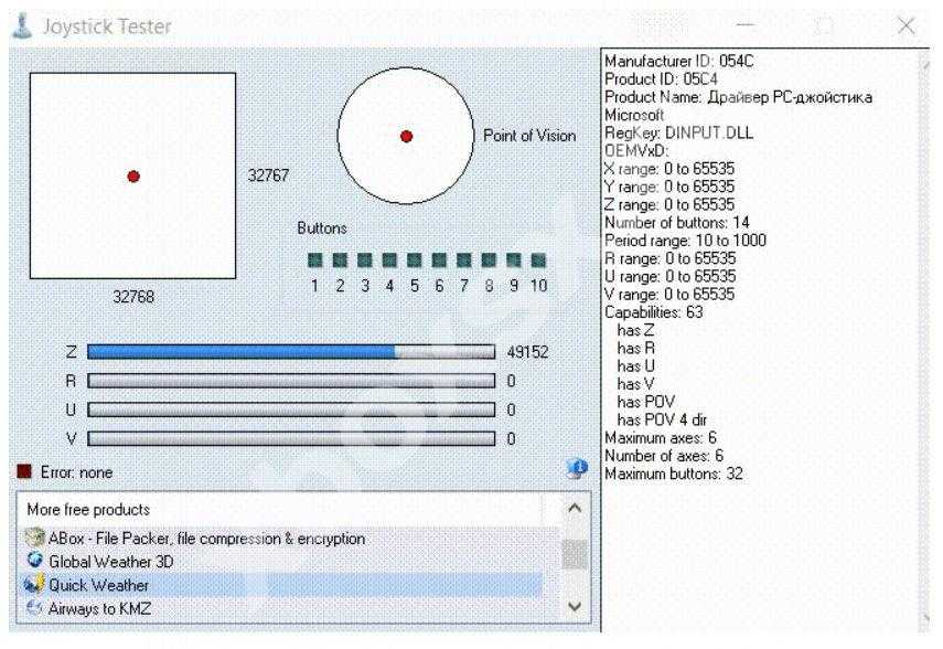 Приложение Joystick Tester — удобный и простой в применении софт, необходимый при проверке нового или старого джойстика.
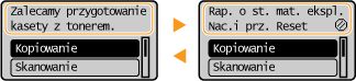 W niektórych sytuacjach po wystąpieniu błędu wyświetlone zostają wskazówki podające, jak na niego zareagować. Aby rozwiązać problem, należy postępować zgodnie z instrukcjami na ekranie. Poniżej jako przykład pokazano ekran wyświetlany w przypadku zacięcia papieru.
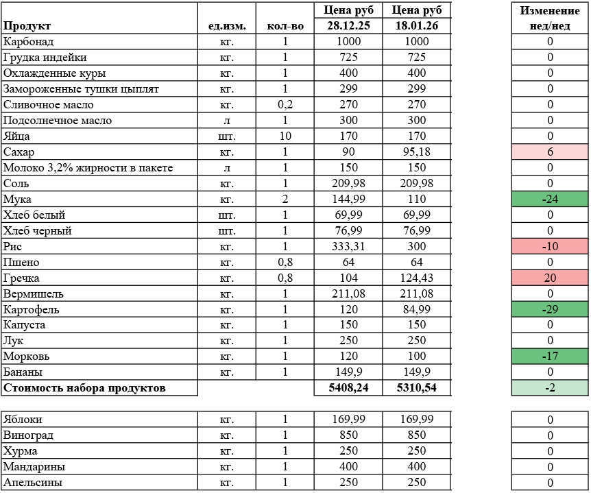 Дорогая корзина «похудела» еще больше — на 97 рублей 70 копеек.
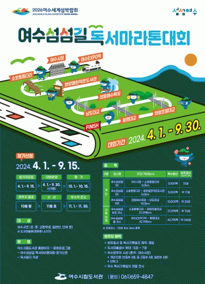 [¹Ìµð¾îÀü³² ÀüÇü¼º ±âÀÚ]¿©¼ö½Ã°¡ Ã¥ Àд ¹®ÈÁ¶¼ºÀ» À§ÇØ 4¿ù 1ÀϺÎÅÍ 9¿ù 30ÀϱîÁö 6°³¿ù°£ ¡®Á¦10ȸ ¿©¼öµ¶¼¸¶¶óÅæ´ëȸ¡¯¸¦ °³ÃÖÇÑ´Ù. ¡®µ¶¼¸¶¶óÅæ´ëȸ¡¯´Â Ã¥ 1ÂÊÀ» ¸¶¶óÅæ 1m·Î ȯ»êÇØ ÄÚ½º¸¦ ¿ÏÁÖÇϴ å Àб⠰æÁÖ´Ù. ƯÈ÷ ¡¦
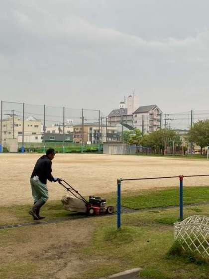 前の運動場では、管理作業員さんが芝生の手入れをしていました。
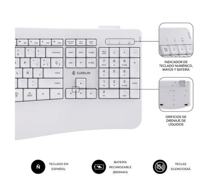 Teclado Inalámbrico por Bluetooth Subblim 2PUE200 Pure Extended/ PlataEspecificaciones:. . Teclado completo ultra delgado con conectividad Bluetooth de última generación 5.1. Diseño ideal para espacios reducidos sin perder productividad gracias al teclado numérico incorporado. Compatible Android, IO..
____________
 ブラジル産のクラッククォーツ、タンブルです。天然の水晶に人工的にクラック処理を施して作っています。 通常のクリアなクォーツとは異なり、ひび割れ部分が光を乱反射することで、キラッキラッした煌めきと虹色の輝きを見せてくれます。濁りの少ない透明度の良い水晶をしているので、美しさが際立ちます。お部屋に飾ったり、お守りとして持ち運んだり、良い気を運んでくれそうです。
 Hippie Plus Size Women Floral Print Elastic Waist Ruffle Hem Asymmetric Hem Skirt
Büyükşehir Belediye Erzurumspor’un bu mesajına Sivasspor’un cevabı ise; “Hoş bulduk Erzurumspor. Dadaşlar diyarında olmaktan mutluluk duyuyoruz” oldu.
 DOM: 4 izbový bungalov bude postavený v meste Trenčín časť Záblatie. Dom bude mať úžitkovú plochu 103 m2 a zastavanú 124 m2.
____________
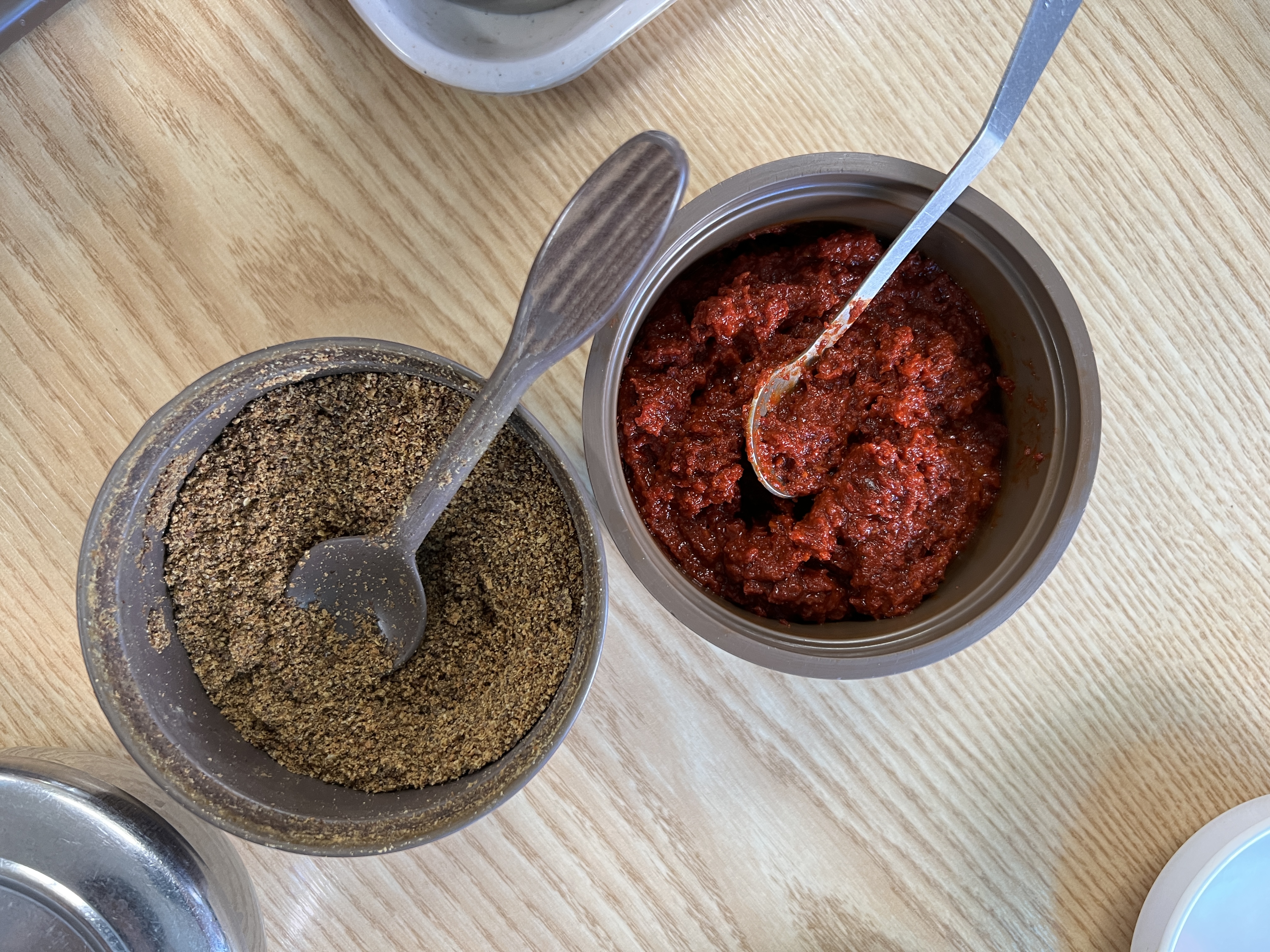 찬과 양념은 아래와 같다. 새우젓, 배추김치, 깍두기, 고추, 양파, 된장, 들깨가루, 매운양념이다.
____________
PROBLEM DETAILS:
From the records above, quote only the lines running from the line with "Büyükşehir Belediye Erzurumspor’un" to the line with "DOM: 4 izbový", both lines included.

WORKED SOLUTION:
Büyükşehir Belediye Erzurumspor’un bu mesajına Sivasspor’un cevabı ise; “Hoş bulduk Erzurumspor. Dadaşlar diyarında olmaktan mutluluk duyuyoruz” oldu.
 DOM: 4 izbový bungalov bude postavený v meste Trenčín časť Záblatie. Dom bude mať úžitkovú plochu 103 m2 a zastavanú 124 m2.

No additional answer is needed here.